# Your assignment
From the line containing "Flowey from Undertale, a" down to the line containing "ОТВЕТ на задание", copy out the entries below exactly, both lines included, and nothing else; pictures do not belong in the copy.

[Start of Attachment]

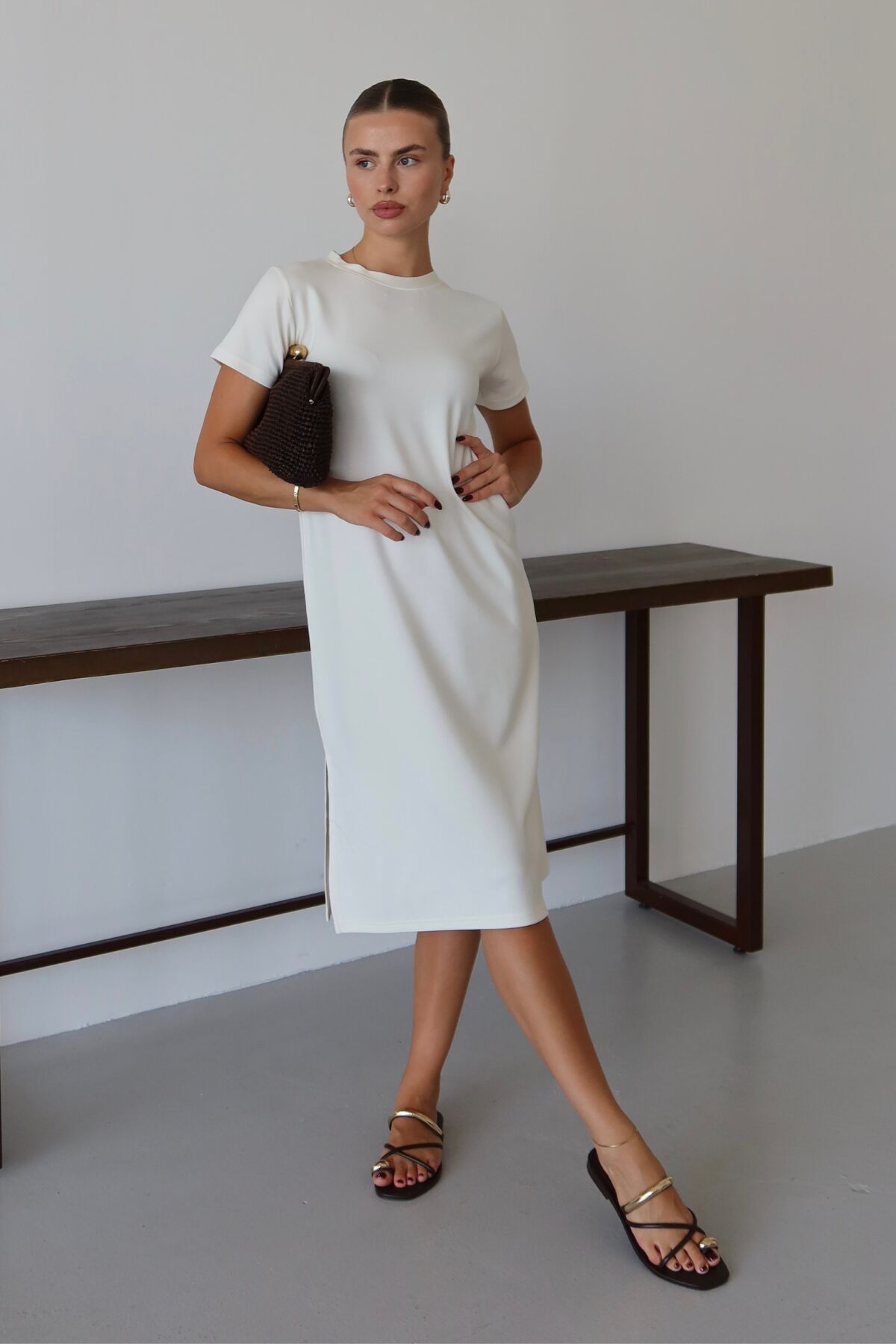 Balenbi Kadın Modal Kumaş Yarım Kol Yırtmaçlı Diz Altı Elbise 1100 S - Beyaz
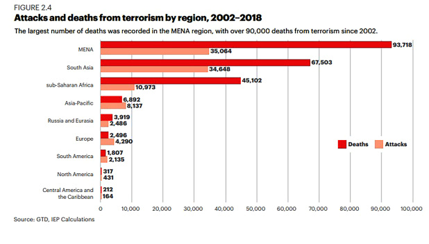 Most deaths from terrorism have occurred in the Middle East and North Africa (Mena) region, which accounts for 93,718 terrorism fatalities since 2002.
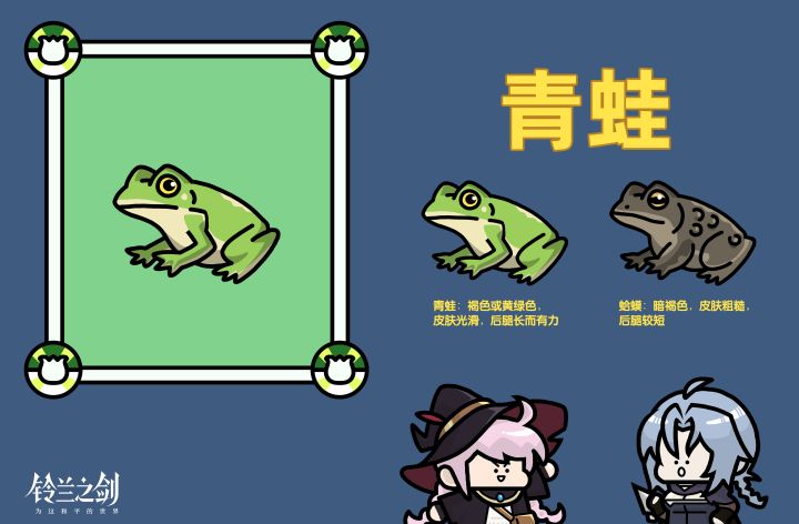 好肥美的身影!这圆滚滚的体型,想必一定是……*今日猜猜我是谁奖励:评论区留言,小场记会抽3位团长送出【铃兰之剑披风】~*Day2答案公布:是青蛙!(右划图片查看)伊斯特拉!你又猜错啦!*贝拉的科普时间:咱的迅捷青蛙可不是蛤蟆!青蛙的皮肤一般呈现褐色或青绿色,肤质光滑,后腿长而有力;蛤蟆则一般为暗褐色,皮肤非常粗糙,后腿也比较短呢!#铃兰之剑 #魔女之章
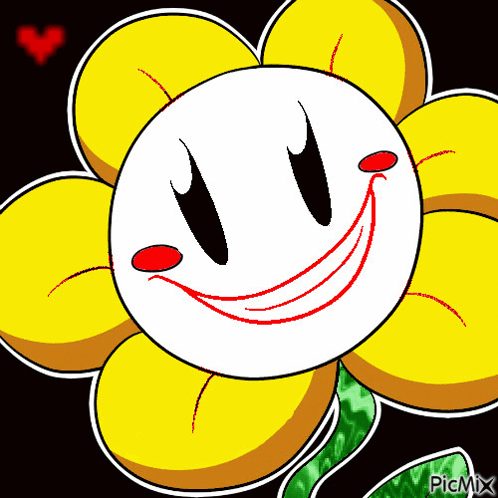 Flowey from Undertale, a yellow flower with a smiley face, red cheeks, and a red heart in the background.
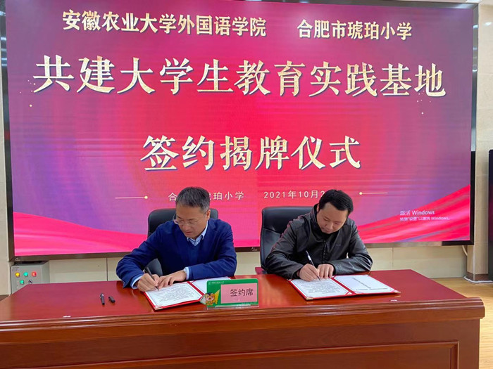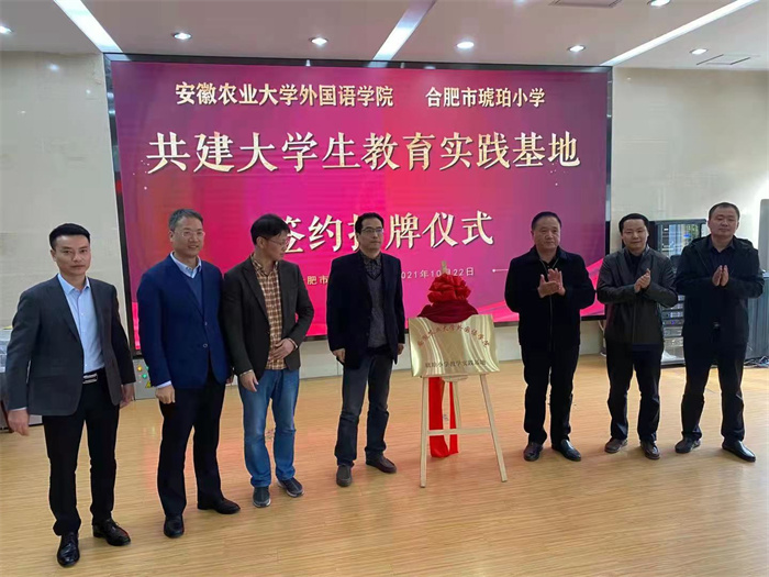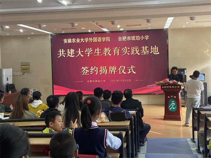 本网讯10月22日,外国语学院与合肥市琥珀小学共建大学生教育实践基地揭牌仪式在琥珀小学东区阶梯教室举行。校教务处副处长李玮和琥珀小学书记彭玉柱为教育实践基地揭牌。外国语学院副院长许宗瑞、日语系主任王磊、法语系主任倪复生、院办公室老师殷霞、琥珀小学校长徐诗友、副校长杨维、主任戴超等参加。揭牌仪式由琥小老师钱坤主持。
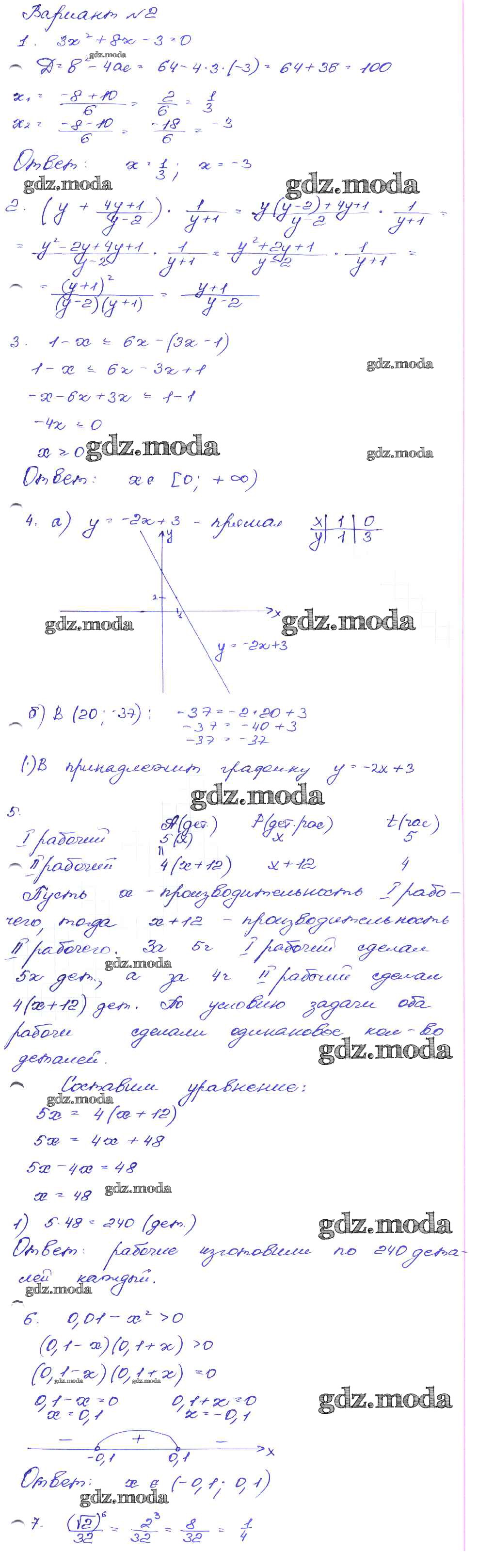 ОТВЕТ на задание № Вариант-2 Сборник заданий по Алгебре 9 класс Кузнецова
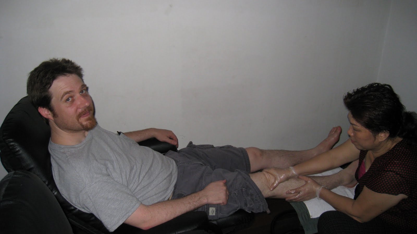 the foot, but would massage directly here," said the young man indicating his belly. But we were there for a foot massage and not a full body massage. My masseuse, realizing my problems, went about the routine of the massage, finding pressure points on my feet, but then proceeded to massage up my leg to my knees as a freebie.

[End of Attachment]

# Exercise response
 Flowey from Undertale, a yellow flower with a smiley face, red cheeks, and a red heart in the background.
 本网讯10月22日,外国语学院与合肥市琥珀小学共建大学生教育实践基地揭牌仪式在琥珀小学东区阶梯教室举行。校教务处副处长李玮和琥珀小学书记彭玉柱为教育实践基地揭牌。外国语学院副院长许宗瑞、日语系主任王磊、法语系主任倪复生、院办公室老师殷霞、琥珀小学校长徐诗友、副校长杨维、主任戴超等参加。揭牌仪式由琥小老师钱坤主持。
 ОТВЕТ на задание № Вариант-2 Сборник заданий по Алгебре 9 класс Кузнецова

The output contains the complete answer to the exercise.